I think I'm OK with compile-time for now. We mostly support users running on i directly (with our packages, so we can easily include this patch), though some do use the same driver on Linux/Windows with official PHP/distro binaries.

FWIW, most of our users are also running PDO_ODBC, mostly because that supports in/out parameters with stored procedures (which, I haven't checked if that's impacted...). I skimmed the source to see what it'd take to do the same, since I think it's a little more dependent on binding for fetching data.

I'm a little concerned about perf since you mentioned the possibilities about other scenarios and maybe causing a regression for realistic workloads, but I'll try the microbenchmark again with a larger count of rows.

OK, expanding it to 26 rows (not quite "big" but less trivial than a single row, albeit still a single column and printing the output) is ~43s for unmodified and ~30s for your patch.
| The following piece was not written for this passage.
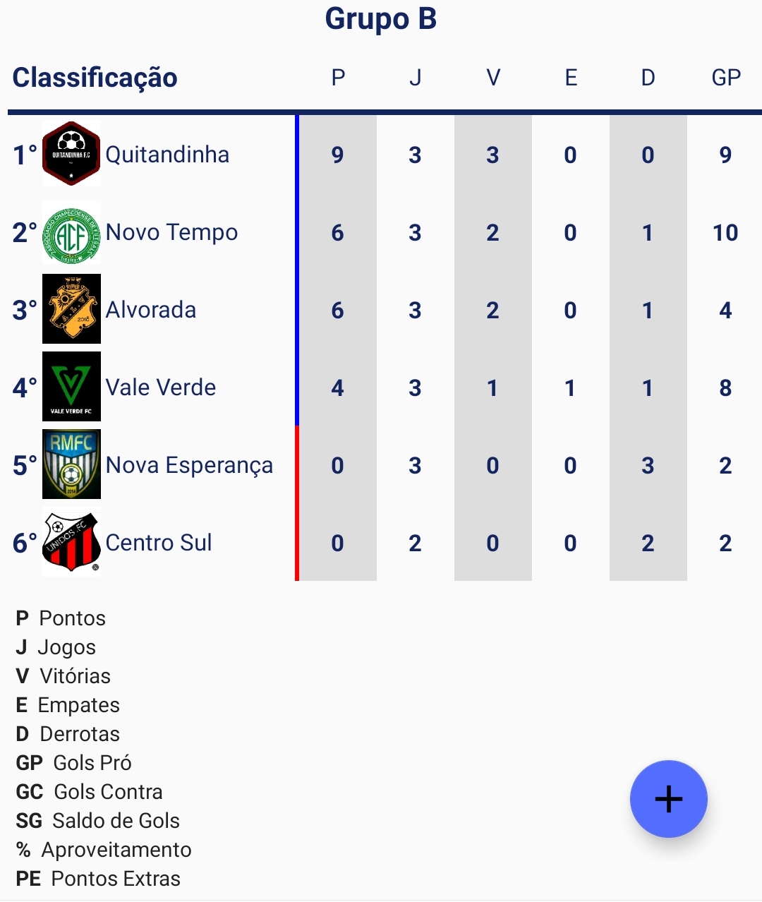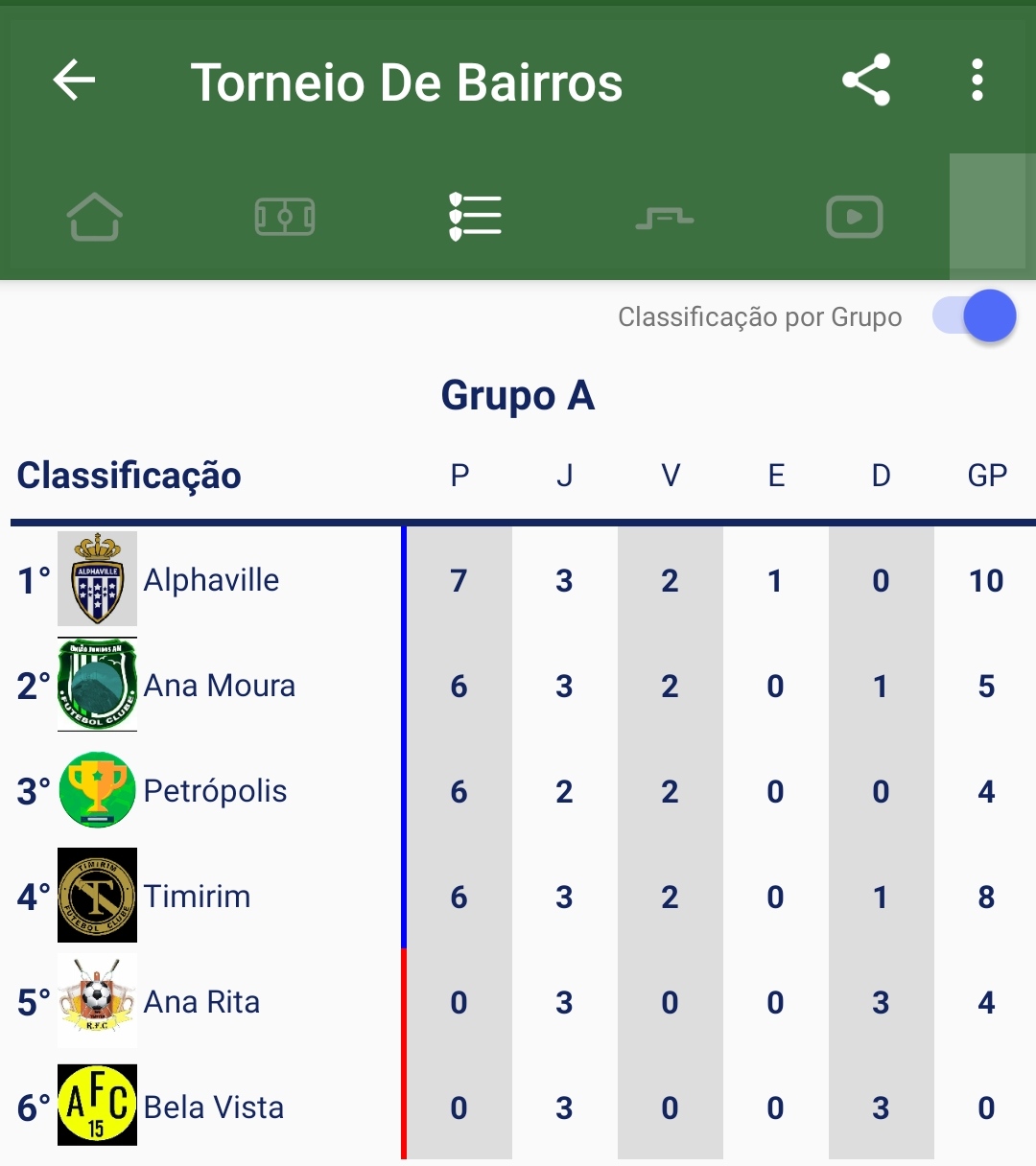 Confira abaixo a tabela de classificação dos grupos A e B

FWIW, I also tested a version that doesn't bother with the bug and just the differences in approach; basically the same test against a more "realistic" table (on i, QIWS.QCUSTCDT is basically a multirow, multi-column table with a variety of data that most people use for tests like this) and not printing any rows (to avoid measuring the costs writing the data out). The result is the unmodified PHP is a bit faster (14.5496666666667) versus your patch (14.9203333333333) but it's very small and perhaps within the margin of error.

The user having the issue wanted to try the fix with their existing code, but was using PDO. So, I've ported the logic over for PDO_ODBC and I have the patch here: https://gist.github.com/NattyNarwhal/077dbd184f08ac030f8b6088b3d39ed4 - I'll try it out with them soon and see how it goes.

It's quite simple and like the procedural ODBC one, works by basically skipping functionality and using existing things. There's almost certainly a better solution, as this patch does all sorts of bad things (i.e. coercing to string, have to get assembled in a 256 byte buffer piecemeal), but it does fix the primary issue here.

(Also, unrelated observation and happens with/without any of the patches: PDO_ODBC is *noticeably* faster at least on Linux. I can actually see the results stream out w/ procedural, but they're instant with PDO, and that's without fetchAll. Quite interesting...)

> So, I've ported the logic over for PDO_ODBC and I have the patch
> here: […]

Ah, cool!  It might be possible to simplify further by just
setting S->going_long = 1 early (but that doesn't matter for now).

> coercing to string, have to get assembled in a 256 byte buffer
> piecemeal

I think that code is indeed rather suboptimal.  I still wonder why
fetching in small chunks is claimed to be faster than reading a
single chunk[1].

> PDO_ODBC is *noticeably* faster at least on Linux.

That's interesting!  Might be worth investigating.

[1] <https://github.com/php/php-src/pull/6716#issuecomment-783461335>

Brief update w/ the PDO_ODBC patch from last week: The user does report the patch works for them without any (noticeable) performance regression. Probably a bit rough still, but good to know so far.

Nitpick I have found that probably doesn't matter: odbc_result_all doesn't work with the patch, it seems. It's deprecated, so I assume it's not a big deal, but it's something I noticed debugging some unrelated code.

FWIW, as an update:

IBM released a new version of the Db2i driver that's worked around the issue for us by reporting the size after conversion. However, the underlying bug in PDO_ODBC/odbc is still lurking and could affect other drivers, so it's still worth pursuing a fix for it.

Thanks for the update, and the reminder! :)

I shall have a look at this tomorrow.